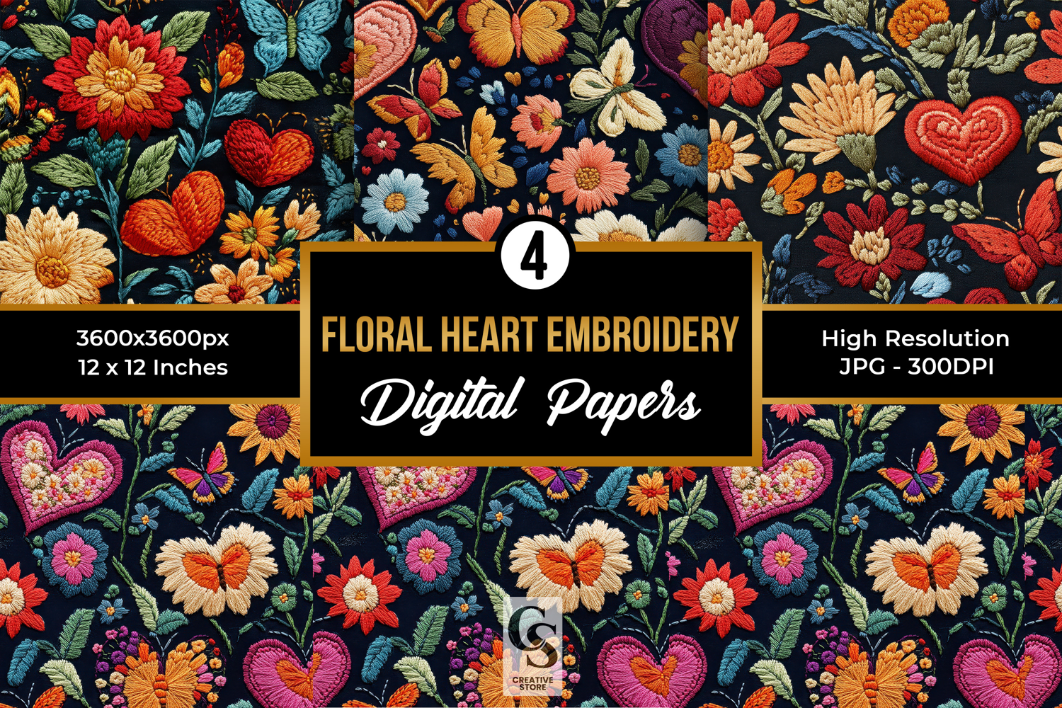 Floral Heart Embroidery Digital Paper Pattern example image 1
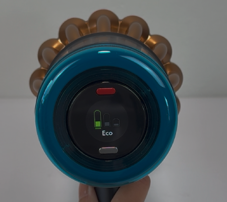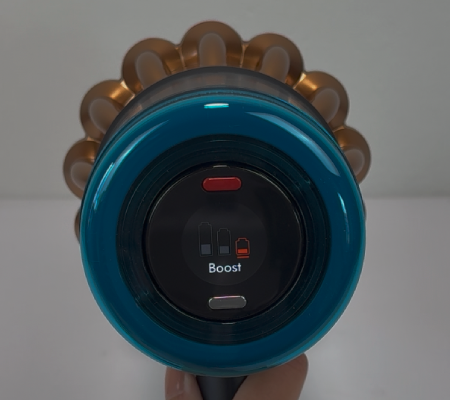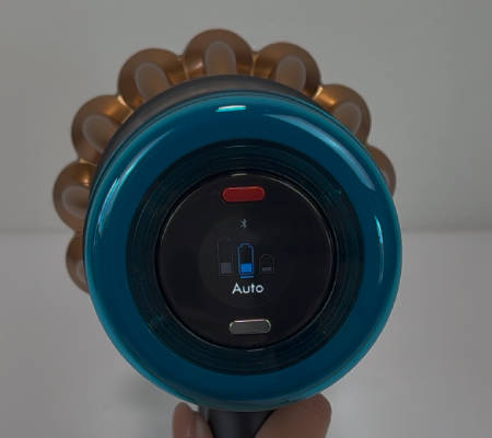 Im Alltag spielt aber nicht nur die Verarbeitung eine Rolle, sondern vor allem die Bedienung. Und da gehört der Powerknopf ganz klar zu den Punkten, über die man kurz sprechen muss: Mit derselben Hand erreicht man ihn bei normalem Griff eigentlich nur dann bequem, wenn man sehr lange Finger hat. Ansonsten wird der Startknopf mit der zweiten Hand gedrückt. Ob das stört, muss am Ende jeder selbst entscheiden – wichtig ist aber: Man muss den Knopf nicht mehr permanent gedrückt halten, wie es bei älteren Dyson-Modellen lange der Fall war.
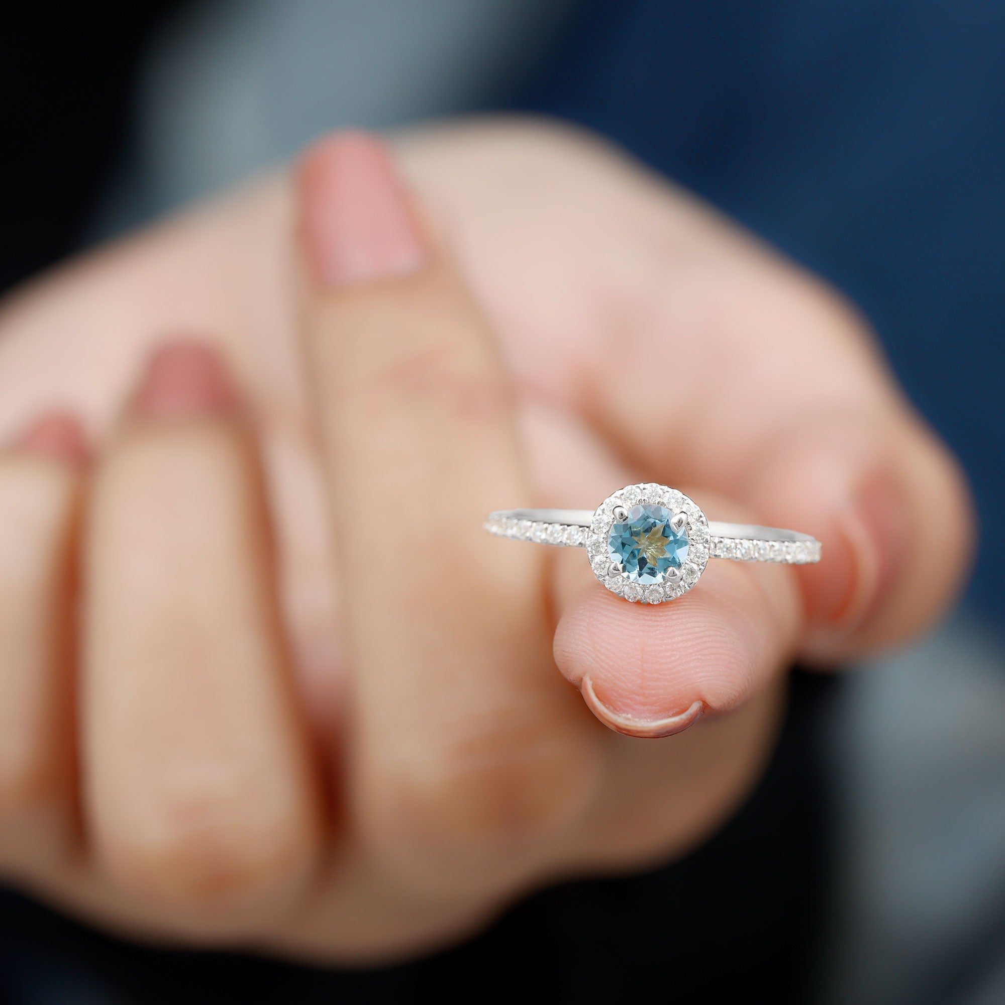 Minimal Blue Aquamarine Ring with Diamond Accent
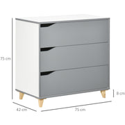 Style and organisation come together - this HOMCOM freestanding dresser. Comes with three drawers to keep clothing folded and organised. Made from particle board and MDF blend, the body is durable, with solid wood legs for full support. Side indent handles to open/close each drawer easily. A simple and spacious way to keep the home tidy.
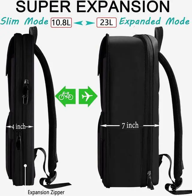 Material and Features: Made of premium synthetic leather and polyester cloth that are waterproof and durable. The travel laptop backpack has a variable capacity for more flexible loading. It can easily transform between daily commute and business trip modes. The slim design is perfect for cycling to the office, while the expanded backpack with a large capacity is ideal for camping and day trips
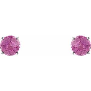 14K White 5 mm Natural Pink Sapphire Stud Earrings
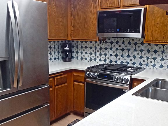 Cozy fireplaceSleek marbelite countertopsNew sinks and faucetsFresh paintNew kitchen appliancesStylish backsplashAmple storage
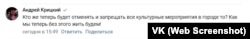 «Кто же теперь будет отменять и запрещать все культурные мероприятия в городе-то? Как мы теперь без этого жить будем?» – резюмирует Андрей Крицкий в паблике «Керчь – мой город».
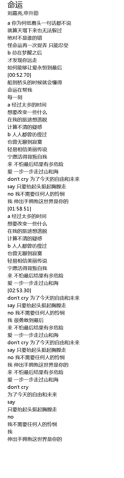 | [02:54.05] | don' t cry wèi le jīn tiān de zì yóu hé wèi lái |
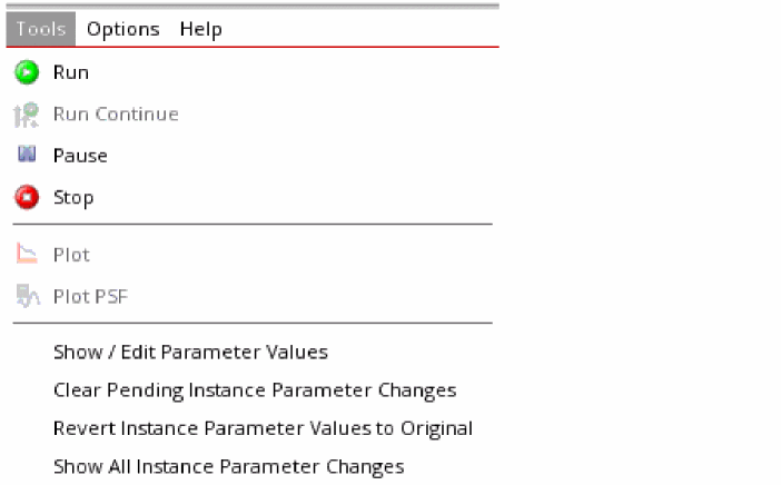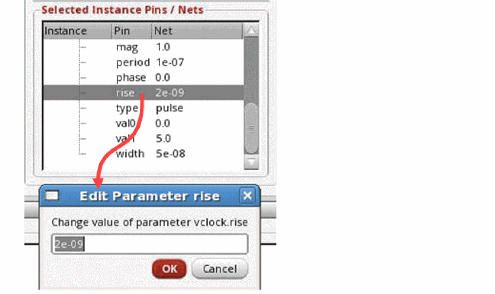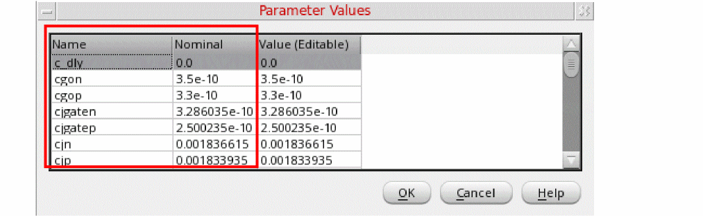 Choose Tools – Show/Edit Parameter Values to view the parameter values saved in the netlist for the selected point. The Parameter Values form is displayed.
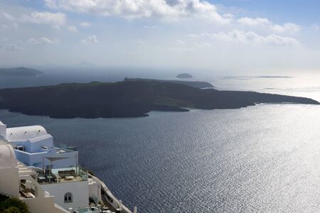 Sea and Volcano view from Fira the capital of Santorini island in Greece
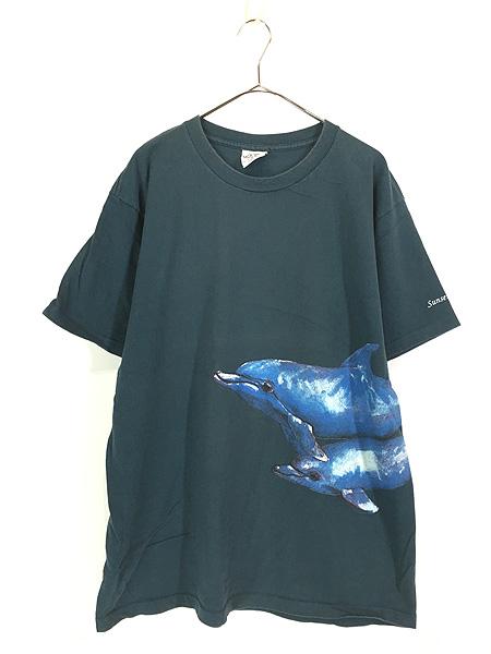 古着 90s USA製 イルカ アニマル 巻き プリント Tシャツ XL 古着
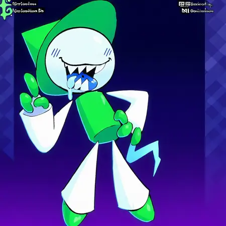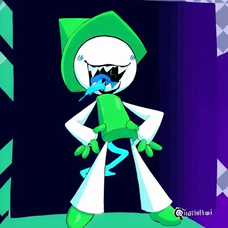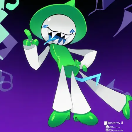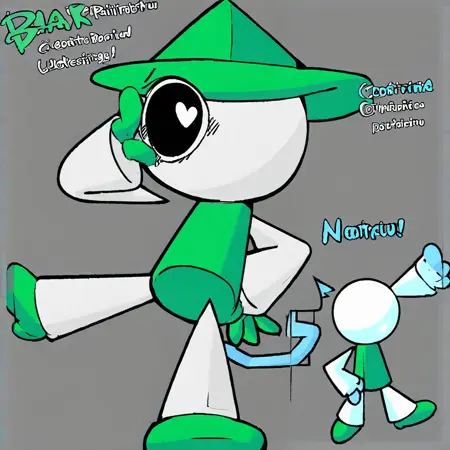 | トレーニングワード | solo, witch hat, 1boy, green shirt, long sleeves, white sleeves, white pants, bald, no hair, white skin, colored skin, green hands, green shoes, green hat, one eye, black eye, one-eyed, no mouth, mouthless, only one eye, green hat, hatコピーしました! |
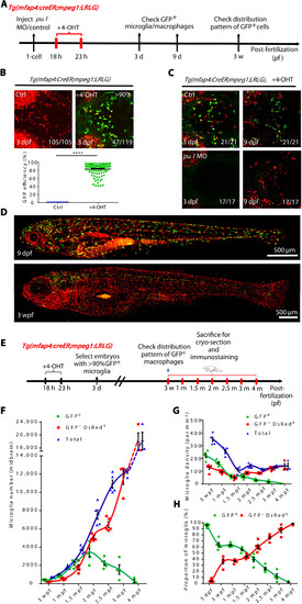 The developmental dynamics of RBI and AGM microglia. (A) A timeline indicates 4-OHT treatment and fluorescent imaging of Tg(mfap4:CreER;mpeg1:LRLG) embryos. (B) Fluorescence imaging of microglia in the brain of 3 dpf Tg(mfap4:CreER;mpeg1:LRLG) embryos treated with 4-OHT from 18 to 23 hpf (top) and quantification of the label efficiency by percentage (GFP+ cells in total microglia in 3-dpf brain) (bottom) (Ctrl n = 105, +4-OHT n = 119). (C) Fluorescence imaging of microglia in the brain of 3 and 9 dpf control or pu.1 MO injected Tg(mfap4:CreER;mpeg1:LRLG) embryos treated with 4-OHT from 18 to 23 hpf. (D) Fluorescence imaging of 4-OHT–treated Tg(mfap4:CreER;mpeg1:LRLG) larva at 9 dpf and 3 wpf. Zebrafish larvae were in lateral view with anterior to the left to visualize the distribution of GFP+ cells throughout the body. (E) Schematic diagram shows the experimental setup for the treatment of embryos with 4-OHT and collection of samples for cryo-section. (F) Quantification of the absolute number of RBI and AGM microglia in the developing and adult midbrain. (G) Quantification of the density of RBI and AGM microglia in the developing and adult midbrain. (H) Quantification of the proportion of RBI and AGM microglia in the developing and adult midbrain. (F) to (H) Data were presented as mean ± SEM (3 dpf n = 12, 3 wpf n = 5, 1 mpf n = 5, 1.5 mpf n = 5, 2 mpf n = 5, 2.5 mpf n = 5, 3 mpf n = 4, and 4 mpf n = 3). |
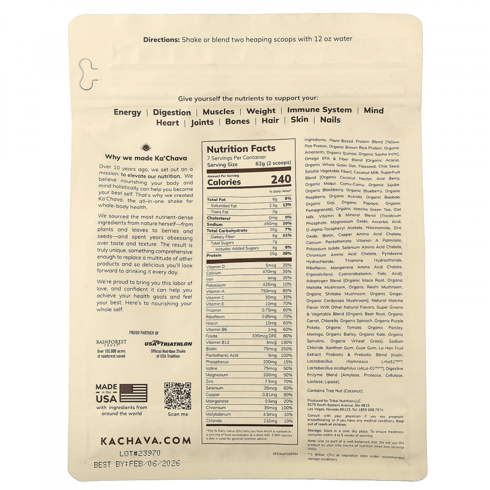 Смесь растительных белков [протеин из желтого гороха, протеин из органического коричневого риса, органический амарант, органическое киноа, органический инчи (сача инчи)], омега эссенция и с)месь клетчатки [органическая акация, органический цельнозерновой овес, льняное семя, семена чиа, растворимая растительная клетчатка], кокосовое молоко, смесь суперфруктов [органический кокосовый нектар, ягоды асаи, органический аристотелия, каму-каму, органический мармелад, органическая ежевика, органическая голубика, органическая малина, органическая ацерола, органический баобаб, органические ягоды годжи, органическая папайя, органический гранат], органический зелёный чай матча, овсяное молоко, Vitamin & смесь минералов [трикальций фосфат, оксид магния, аскорбиновая кислота, d-альфа-токоферилацетат, никотинамид, оксид цинка, биотин, хелат аминокислоты меди, пантотенат кальция, витамин A (пальмитат), йодид калия, хелат аминокислоты селена, хелат аминокислоты хрома, пиридоксина гидрохлорид, рибофлавин, хелат аминокислоты марганца, эргокальциферол, цианокобаламин, фолиевая кислота], смесь адаптогенов [корень органической маки, органический гриб-баран, органический гриб рейши, органический гриб шиитаке, органический имбирь, органический гриб кордицепс], натуральный ароматизатор «матча» и другие натуральные ароматизаторы, суперзелень и о)вощная смесь [органический корнеплод свеклы, органическая морковь, хлорелла, органический шпинат, органический фиолетовый картофель, органический томат, органическая петрушка, моринга, органический ячмень, органическая капуста, органическая спирулина, органические ростки пшеницы], хлорид натрия, ксантановая камедь, гуаровая камедь, экстракт плодов архата, пробиотик смесь пребиотиков [инулин, лактобактерии рамнозус (Lactobacillus rhamnosus) Lrha51™**, ацидофильные лактобактерии (Lactobacillus acidophilus) uala-01™**], смесь пищеварительных ферментов [амилаза, протеаза, целлюлаза, лактаза, липаза].
__________
■ About this task ■
Without the pictures, please output every record exactly.

■ Answer area ■
 Floral Heart Embroidery Digital Paper Pattern example image 1
 Im Alltag spielt aber nicht nur die Verarbeitung eine Rolle, sondern vor allem die Bedienung. Und da gehört der Powerknopf ganz klar zu den Punkten, über die man kurz sprechen muss: Mit derselben Hand erreicht man ihn bei normalem Griff eigentlich nur dann bequem, wenn man sehr lange Finger hat. Ansonsten wird der Startknopf mit der zweiten Hand gedrückt. Ob das stört, muss am Ende jeder selbst entscheiden – wichtig ist aber: Man muss den Knopf nicht mehr permanent gedrückt halten, wie es bei älteren Dyson-Modellen lange der Fall war.
 Minimal Blue Aquamarine Ring with Diamond Accent
 Style and organisation come together - this HOMCOM freestanding dresser. Comes with three drawers to keep clothing folded and organised. Made from particle board and MDF blend, the body is durable, with solid wood legs for full support. Side indent handles to open/close each drawer easily. A simple and spacious way to keep the home tidy.
 Material and Features: Made of premium synthetic leather and polyester cloth that are waterproof and durable. The travel laptop backpack has a variable capacity for more flexible loading. It can easily transform between daily commute and business trip modes. The slim design is perfect for cycling to the office, while the expanded backpack with a large capacity is ideal for camping and day trips
 14K White 5 mm Natural Pink Sapphire Stud Earrings
 Cozy fireplaceSleek marbelite countertopsNew sinks and faucetsFresh paintNew kitchen appliancesStylish backsplashAmple storage
 «Кто же теперь будет отменять и запрещать все культурные мероприятия в городе-то? Как мы теперь без этого жить будем?» – резюмирует Андрей Крицкий в паблике «Керчь – мой город».
 | [02:54.05] | don' t cry wèi le jīn tiān de zì yóu hé wèi lái |
 Choose Tools – Show/Edit Parameter Values to view the parameter values saved in the netlist for the selected point. The Parameter Values form is displayed.
 Sea and Volcano view from Fira the capital of Santorini island in Greece
 古着 90s USA製 イルカ アニマル 巻き プリント Tシャツ XL 古着
 | トレーニングワード | solo, witch hat, 1boy, green shirt, long sleeves, white sleeves, white pants, bald, no hair, white skin, colored skin, green hands, green shoes, green hat, one eye, black eye, one-eyed, no mouth, mouthless, only one eye, green hat, hatコピーしました! |
 The developmental dynamics of RBI and AGM microglia. (A) A timeline indicates 4-OHT treatment and fluorescent imaging of Tg(mfap4:CreER;mpeg1:LRLG) embryos. (B) Fluorescence imaging of microglia in the brain of 3 dpf Tg(mfap4:CreER;mpeg1:LRLG) embryos treated with 4-OHT from 18 to 23 hpf (top) and quantification of the label efficiency by percentage (GFP+ cells in total microglia in 3-dpf brain) (bottom) (Ctrl n = 105, +4-OHT n = 119). (C) Fluorescence imaging of microglia in the brain of 3 and 9 dpf control or pu.1 MO injected Tg(mfap4:CreER;mpeg1:LRLG) embryos treated with 4-OHT from 18 to 23 hpf. (D) Fluorescence imaging of 4-OHT–treated Tg(mfap4:CreER;mpeg1:LRLG) larva at 9 dpf and 3 wpf. Zebrafish larvae were in lateral view with anterior to the left to visualize the distribution of GFP+ cells throughout the body. (E) Schematic diagram shows the experimental setup for the treatment of embryos with 4-OHT and collection of samples for cryo-section. (F) Quantification of the absolute number of RBI and AGM microglia in the developing and adult midbrain. (G) Quantification of the density of RBI and AGM microglia in the developing and adult midbrain. (H) Quantification of the proportion of RBI and AGM microglia in the developing and adult midbrain. (F) to (H) Data were presented as mean ± SEM (3 dpf n = 12, 3 wpf n = 5, 1 mpf n = 5, 1.5 mpf n = 5, 2 mpf n = 5, 2.5 mpf n = 5, 3 mpf n = 4, and 4 mpf n = 3). |
 Смесь растительных белков [протеин из желтого гороха, протеин из органического коричневого риса, органический амарант, органическое киноа, органический инчи (сача инчи)], омега эссенция и с)месь клетчатки [органическая акация, органический цельнозерновой овес, льняное семя, семена чиа, растворимая растительная клетчатка], кокосовое молоко, смесь суперфруктов [органический кокосовый нектар, ягоды асаи, органический аристотелия, каму-каму, органический мармелад, органическая ежевика, органическая голубика, органическая малина, органическая ацерола, органический баобаб, органические ягоды годжи, органическая папайя, органический гранат], органический зелёный чай матча, овсяное молоко, Vitamin & смесь минералов [трикальций фосфат, оксид магния, аскорбиновая кислота, d-альфа-токоферилацетат, никотинамид, оксид цинка, биотин, хелат аминокислоты меди, пантотенат кальция, витамин A (пальмитат), йодид калия, хелат аминокислоты селена, хелат аминокислоты хрома, пиридоксина гидрохлорид, рибофлавин, хелат аминокислоты марганца, эргокальциферол, цианокобаламин, фолиевая кислота], смесь адаптогенов [корень органической маки, органический гриб-баран, органический гриб рейши, органический гриб шиитаке, органический имбирь, органический гриб кордицепс], натуральный ароматизатор «матча» и другие натуральные ароматизаторы, суперзелень и о)вощная смесь [органический корнеплод свеклы, органическая морковь, хлорелла, органический шпинат, органический фиолетовый картофель, органический томат, органическая петрушка, моринга, органический ячмень, органическая капуста, органическая спирулина, органические ростки пшеницы], хлорид натрия, ксантановая камедь, гуаровая камедь, экстракт плодов архата, пробиотик смесь пребиотиков [инулин, лактобактерии рамнозус (Lactobacillus rhamnosus) Lrha51™**, ацидофильные лактобактерии (Lactobacillus acidophilus) uala-01™**], смесь пищеварительных ферментов [амилаза, протеаза, целлюлаза, лактаза, липаза].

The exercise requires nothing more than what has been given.